Activity | Transcribe only the stretch of lines that opens with the line containing "Cancer 40 |" and closes with the last line of the listing, skipping pictures.

Information shown |
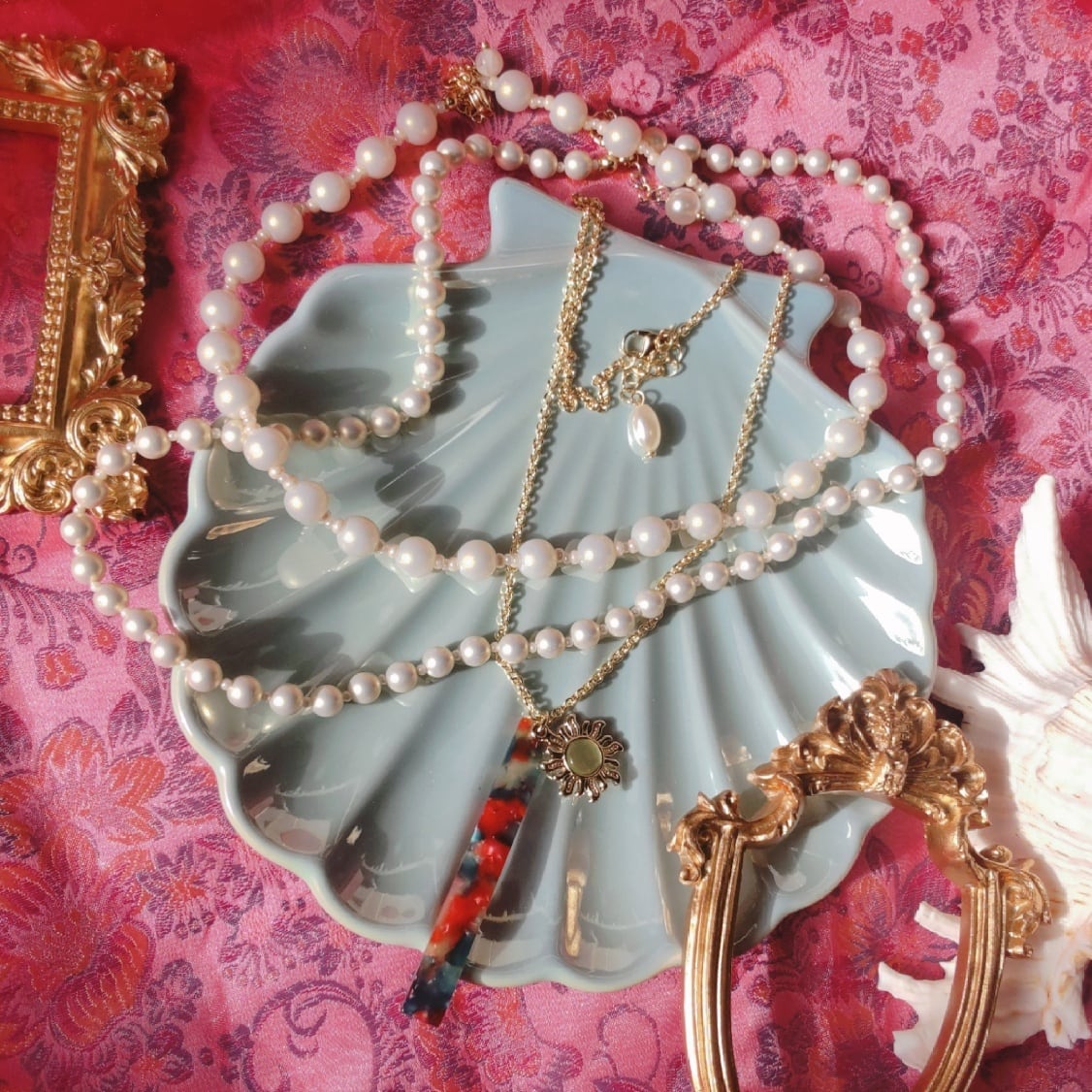 パールネックレスは大きさ長さ違いで2種、どちらもパウダリーな光沢が繊細で美しく、この季節の陽の光のよう。
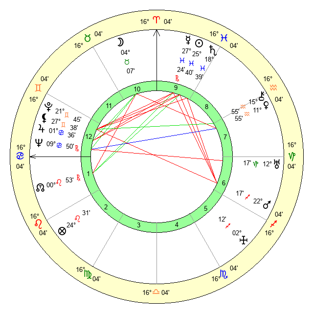 | Neptune | 9 Cancer 51 | 29 Pisces 30 | 12 Cancer 40 |
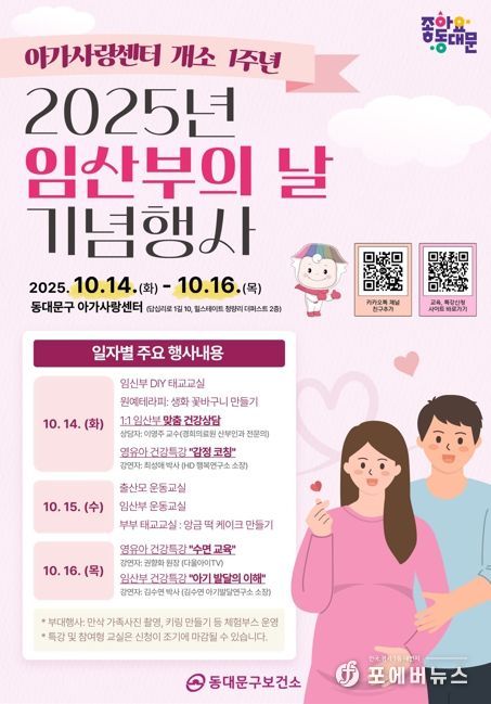 [ 포에버뉴스 김경순 기자 ] 서울 동대문구는 오는 14일부터 16일까지 아가사랑센터 개소 1주년과 ‘2025년 임산부의 날’을 맞아 다양한 기념행사를 개최한다고 밝혔다.
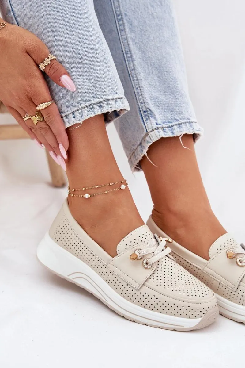 Półbuty damskie wykonane z naturalnej skóry to połączenie elegancji i wygody. Osadzone na platformie, zapewniają stabilność i komfort przez cały dzień. Model posiada gumki imitujące sznurówki z ozdobnymi przypinkami, które nadają oryginalnego charakteru. Zaokrąglone noski zapewniają wygodę, a miękka wkładka dodatkowo dba o komfort stóp. Lekkie i wygodne, te półbuty będą doskonałym wyborem do codziennych stylizacji, łącząc funkcjonalność z modnym wyglądem. Przy wyborze rozmiaru prosimy sugerować się tabelą rozmiarów.

Solution to the exercise |
 | Neptune | 9 Cancer 51 | 29 Pisces 30 | 12 Cancer 40 |
 [ 포에버뉴스 김경순 기자 ] 서울 동대문구는 오는 14일부터 16일까지 아가사랑센터 개소 1주년과 ‘2025년 임산부의 날’을 맞아 다양한 기념행사를 개최한다고 밝혔다.
 Półbuty damskie wykonane z naturalnej skóry to połączenie elegancji i wygody. Osadzone na platformie, zapewniają stabilność i komfort przez cały dzień. Model posiada gumki imitujące sznurówki z ozdobnymi przypinkami, które nadają oryginalnego charakteru. Zaokrąglone noski zapewniają wygodę, a miękka wkładka dodatkowo dba o komfort stóp. Lekkie i wygodne, te półbuty będą doskonałym wyborem do codziennych stylizacji, łącząc funkcjonalność z modnym wyglądem. Przy wyborze rozmiaru prosimy sugerować się tabelą rozmiarów.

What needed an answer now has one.